I’ve wanted to replace my visual blog ever since Google removed a great new technology last year. I had a feeling I could use Tableau to make an image and blog viewer that was dynamic and fully functional, but I wasn’t quite sure how to do it. Well, I revisited the concept and accomplished the task, thanks to a little mysterious Tableau magic and the web page object.
Conceptual Design of the Blog Viewer
I wanted the blog viewer to have a two features. First, I wanted to be able to quickly scroll through a list of my articles and get a dynamic updated picture-based snapshot (i.e., a jpg file) of what was included in each selected article. These snapshots are simply the short descriptions (excerpts) I have written for the articles. Figure 1 shows the excerpt for article 166 – the conclusion article. I wasn’t sure how to dynamically load pictures into a dashboard, so that was one problem I had to overcome. I didn’t want to use a dashboard picture object because I needed it to be dynamic, not a static image.
Secondly, I wanted to be able to directly launch the articles and have the articles load in the same window that displayed the excerpts. I wasn’t sure that I could accomplish that either.
I didn’t want to dynamically load pictures using a filter selection, like Shawn Wallwork demonstrates in this multi-step procedure. I wanted to find a much simpler method that didn’t require such an involved set-up. After a lot of research, I essentially drew a blank. Like so many times in my Tableau past, I knew it was time to experiment.
A few minutes into my experiment, I stumbled onto something new to me that involved using a web page object in a dashboard. I quickly sensed that a little Tableau magic had just happened, so I decided to write this article to remember what I did. The solution is shown in the video below.
The Video Showing the Image and Blog Viewer
Explanation of the Tableau Magic
The magic that happened in the trial and error process involved two things. First, when I dragged the web page object onto the dashboard, a dialog box asks for a URL. I normally think of URL’s as being links to web pages (i.e., *.html references). So as an experiment, instead of typing a URL, I simply typed the name of the dashboard action I had created for viewing the article images (i.e., the action is named “Post_Image”). Tableau hesitated for a moment, spun the wheels, and then much to my surprise, the image appeared! The term “Post_Image” is not a web URL – it is the name of a Tableau dashboard action I created. Somehow Tableau “figured-out” what I wanted to do with this action!

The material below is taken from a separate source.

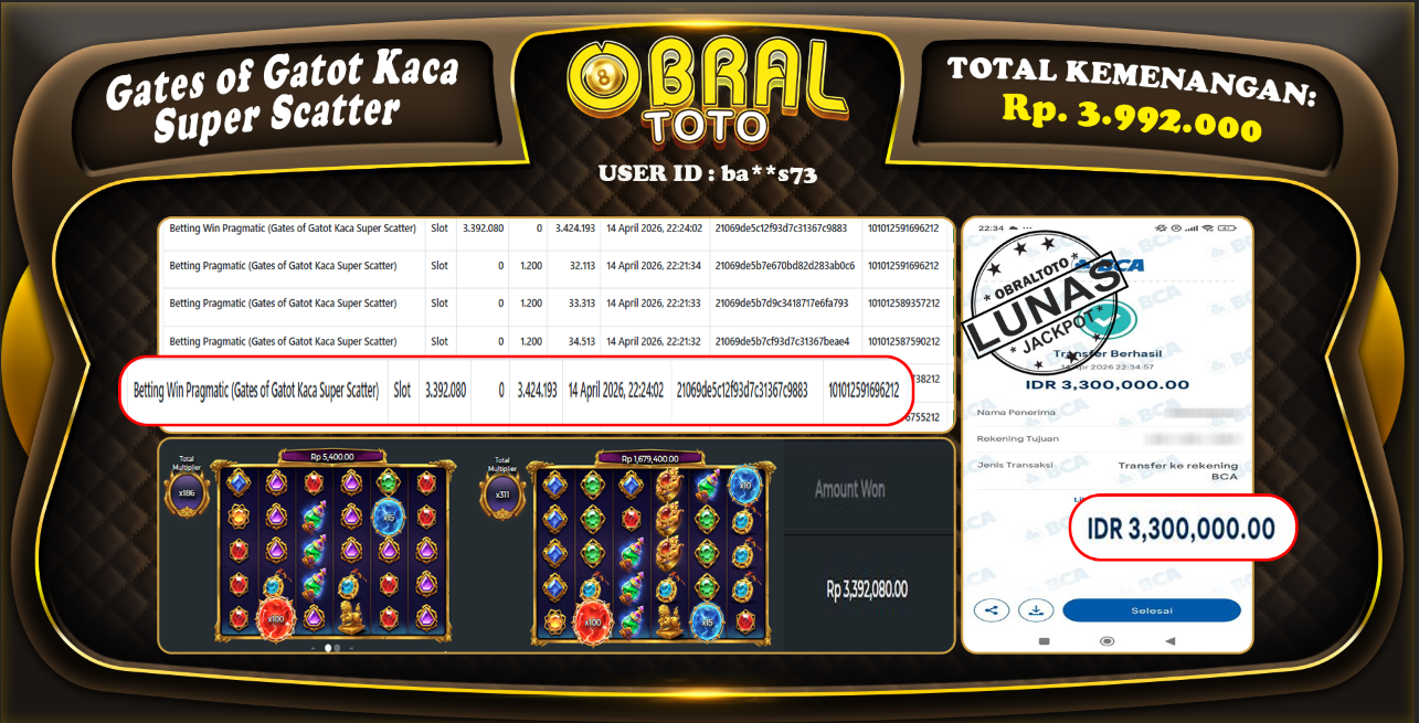OBRALTOTO – Selamat Kepada Pemenang User id : Ba**s73 JP Gates of Olympus 1000 Rp 3.992.000 – 16 APRIL 2026 – Situs game online terpercaya dengan bukti jp yang telah resmi dan terjamin di Indonesia, memberikan pengalaman bermain yang aman dan menyenangkan bagi para penggemar game online. Dengan hadirnya OBRALTOTO , pemain dapat menikmati kemudahan akses ke berbagai permainan seru, peluang memenangkan hadiah besar, serta keuntungan menarik yang telah disiapkan khusus untuk para member lama maupun member baru. Platform ini dirancang untuk memberikan kenyamanan dan keamanan, sehingga setiap pemain dapat fokus menikmati permainan sekaligus meraih keuntungan maksimal.

The magic that Tableau performed was that it understood that the dashboard action indirectly lead to a valid URL, which is not a *.html file, but rather is a *.jpg file. The indirect connection accomplished what I wanted to do (show the images dynamically) by using the name of the action. I didn’t expect this to work. I hadn’t seen anyone demonstrate this technique before. My trial and error testing method worked for me in this case. I hoped it would work, but I had no expectation that it would, so it was a nice surprise when it did.

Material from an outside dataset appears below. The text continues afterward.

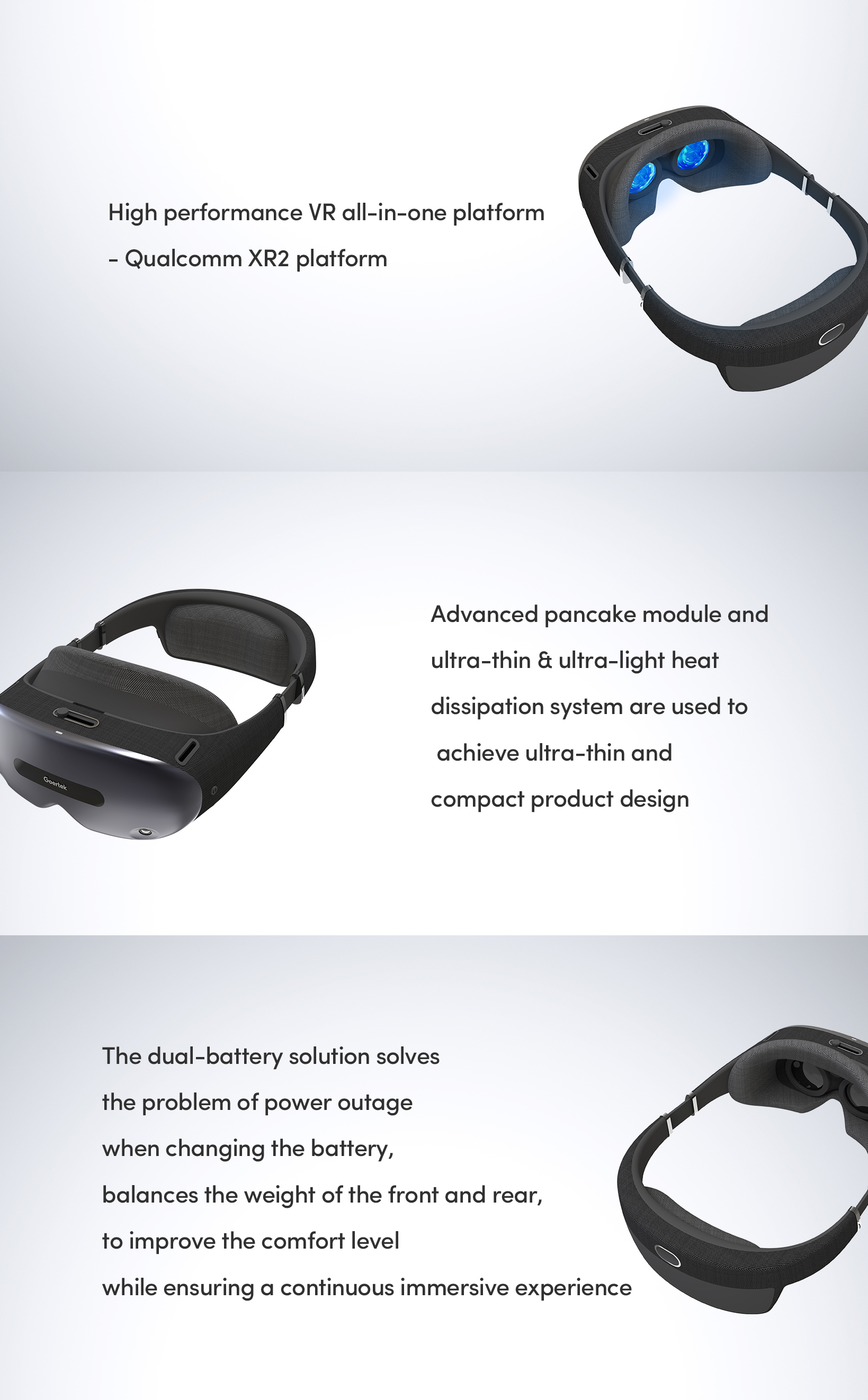 The VR All-in-one reference design based on Qualcomm Snapdragon XR2 platform, using pancake optical module to achieve ultra-thin and compact product design, providing an immersive experience for consumers and enterprises.

Secondly, I was even more impressed when I clicked the “launch the article” hyperlink and Tableau sent the entire content of the blog article into that same web page object. Why did this surprise me? It did so because I had made no connection between that action of launching the article and that web page object!
How and why Tableau decided to place that content in that web page object is still a mystery to me. Without the web object in the dashboard, Tableau would normally launch a new browser window for that content. What this means is that I still have some learning to do to fully understand the behavior of Tableau web page objects. However, the results I achieved are exactly what I hoped for as shown in Figure 2 (the excerpt) and Figure 3 (the article)! My single web page object displays a dynamic set of pictures and web pages, which is why I titled this article “A dynamic image and web page viewer”.

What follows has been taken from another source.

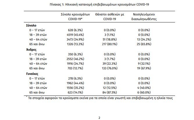 Τέλος, έχουμε 5 ακόμα καταγεγραμμένους θανάτους και 271 θανάτους συνολικά στη χώρα. 97 (35.8%) γυναίκες και οι υπόλοιποι άνδρες. Η διάμεση ηλικία των θανόντων συμπολιτών μας ήταν τα 78 έτη και το 95.9% είχε κάποιο υποκείμενο νόσημα ή/και ηλικία 70 ετών και άνω.

Potential Applications and Final Thoughts
This approach can be used for so many things that I’m excited to try some of my ideas. For example, you can use this to dynamically view pictures or photos to tell a story.
This article was originally written several months before publication. Therefore, the content on my blog is now a bit out of order, chronologically speaking. Since I completed the experimental testing shown in this article, I used the techniques to write a couple of articles I have already published. Here are the links to those articles:
Article 1: A Tableau-Based Photo Viewer
I am trying to clear-out my backlog of blog articles that I have written and and never published. There are still a lot more of these for me to finish!